Some time ago, lain out on a gurney, deeply drugged, post-surgery, my wife disclosed that I had said to her in low and muffled tones, “I have so much to tell you.” How I wish that I remembered both the moment, and its specific content—a map, some treasure. More characteristic of new love, such urgency was odd, as my utterance was given over a decade in, so what had I meant, I wonder?
That moment sprang to mind as I thought about love—not romantic love, or love fueled by physical desire, or parental love, or puppy love—but love as it evolves throughout what I’d call a successful marriage, one dedicated to mutual support, to the cultivation of curiosity and humor, to resilience and engagement in challenging times, to the givens of friendship and family. Between such partners, then, what remains unspoken, what left unsaid? Secrets, hopes, confessions? It sounded urgent, lying there on the gurney in my altered and expanded state.
What might I regret not saying, not having said? A couple of decades in, I am a couple of decades older. I do not feel myself to be old, that is, elderly, while forced to acknowledge that I am, by many counts, older. And I find myself ashamed that the self I proffered all those years ago can no longer be sustained. I am ashamed of charmless sags, the aches that vie for my attention, the thinning skin that is a magnet for florid bruising. Shame worsens the losses. Shame is not helpful. It is as if I gave you a performative self early in our marriage, and somehow the performance, once polished, has snagged on cheap props and clumsy blocking.
This is, perhaps, the conversation we should be having, the weight of shame, its Novocain presence. As I think about it, my shame is about aging, but also about vulnerability, about my feeling, in your gaze, exposed. The more I feel myself known, the more I suffer the rawness of vulnerability and exposure. A paradox. I always thought being known was the point, the lucky charm, a resting place—striving and effort finally hung on their hooks in the tool shed. Instead, with my intimate partner, this feeling of exposure. Foibles revealed, weaknesses bared, disappointments guiltily copped to.
Buddhist nun and teacher Pema Chödrön invites us by way of Samuel Beckett to “fail, fail again, fail better.” Could a component of the unsaid, the muted, have to do with not knowing how to say it? If so, then Right Speech, one of the Five Precepts in Buddhist beliefs, might be brought to bear. More often this precept is associated with content, like with not being mean, verbally abusive, and the like. Or with tone—the how you say a thing being as significant as the what it is you’re saying. But I put timing up there with roses and chocolate—when to bring up a tough topic, a contentious bit of feedback, a potentially prickly observation. Some Buddhist exegeses caution against bringing up such material until the recipient is willing to hear it, and is, so to speak, receptively in the mood. This seems more an exercise of patience and restraint, which might easily slip, I imagine, into mute passivity, an avoidance of confrontation. Regardless, timing is key.
What might I regret not saying, not having said? It is an impossible question! Today’s choice might shrink to irrelevance with tomorrow’s more dire condition. If anything, the question urges a reining back from a speculative future to the present tense—what, in this moment, given this conflict, or this beauty suddenly perceived, or that prickle of anxiety, what needs to be spoken? Is it possible to think that this kind of unguarded, attuned communication is like meditation, involving two?
Maybe things left unsaid aren’t words at all; maybe the lexis is ineffable—maybe eyes and breath, and byways of sensation. What is the bridge between the ineffable and things? The word, things—where would we be without it? Things left unsaid: reveries, ghosts, breath. Things loved fiercely: babies, books, wife, my beating heart, your beating heart. Such nouns; all solid.

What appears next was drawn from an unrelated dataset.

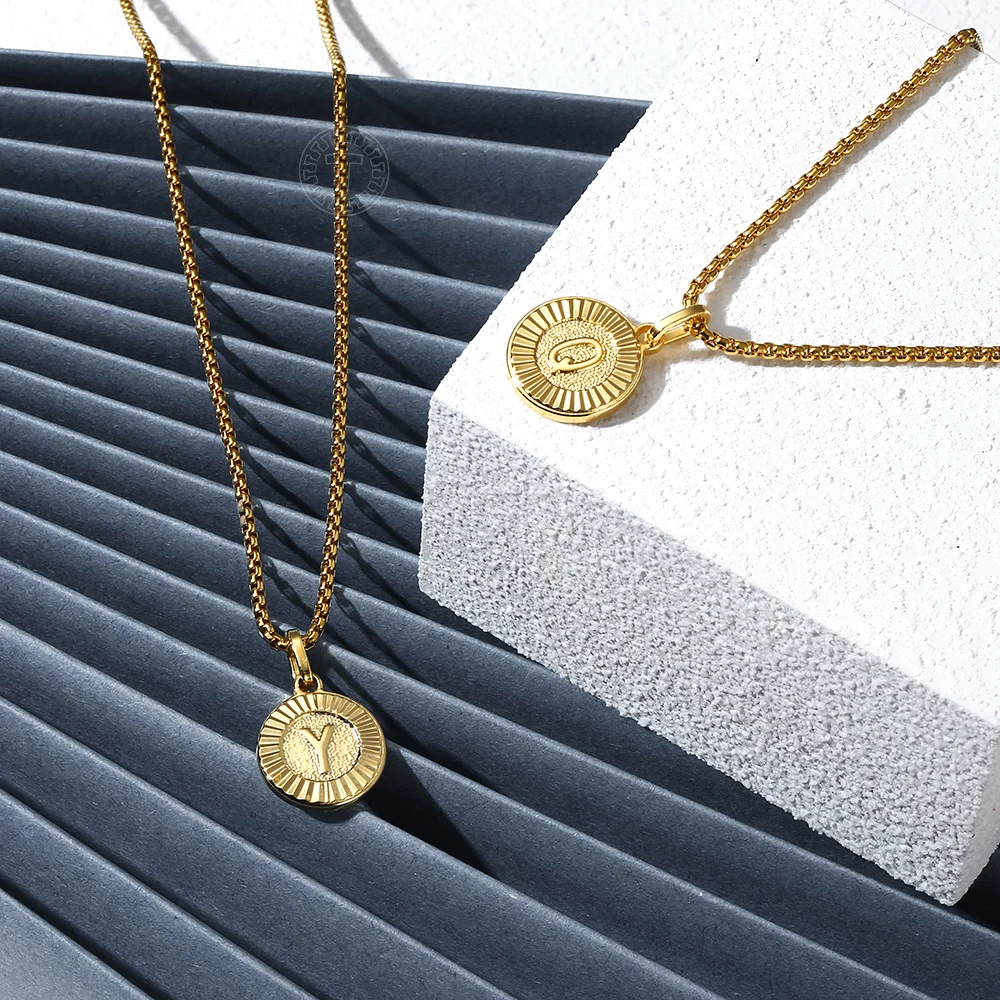 Initial Letter Pendant Necklaces Gold Round Charm Stainless Steel Box Link Chain For Women Men Jewelry Gift Dropshipping GP418A

How can I write about love if I can’t, in various forms, enact it? There’s a terrible gap between writing about love and being love. Words can mire one in bullshit. Words can be wind; I can be borne on updrafts. Carried aloft, I resent it when you call me back down with an irrelevance, as if my words were the wheat, yours, the chaff. And this is bullshit and we suffer a discordant note between us.
Lest this salubrious discomfort, this gap between word and act itself, launch a homily, I return to Samuel Beckett/Pema Chödrön and their words: “Ever tried. Ever failed. No matter. Try again. Fail again. Fail better.”
Each disappointing slip, each step back from love into the bog of irritation can be an opportunity. This morning, for example, I failed love. You departed for the office; I tossed you a terse and unaffectionate goodbye. I will take the opportunity to go and buy some tulips or some daffodils. I will mean this as my regret, and not have it go unsaid.
After reading this reflection, my wife reminded me that it was her recollection, that she was, after all, the intended recipient of my utterance all those years ago. And she reports, “Your tone was one of joy.”
A practicing Buddhist for more than 30 years, Hollis Giammatteo has sought experiences that challenge her practice, from teaching writing to working with the elderly. She co-founded The Wilma Theater in Philadelphia, and was a resident playwright for The Rhode Island Feminist Theatre. Hollis has published in a variety of magazines, and her memoir, The Shelf Life of Ashes, was released in 2016 by She Writes Press.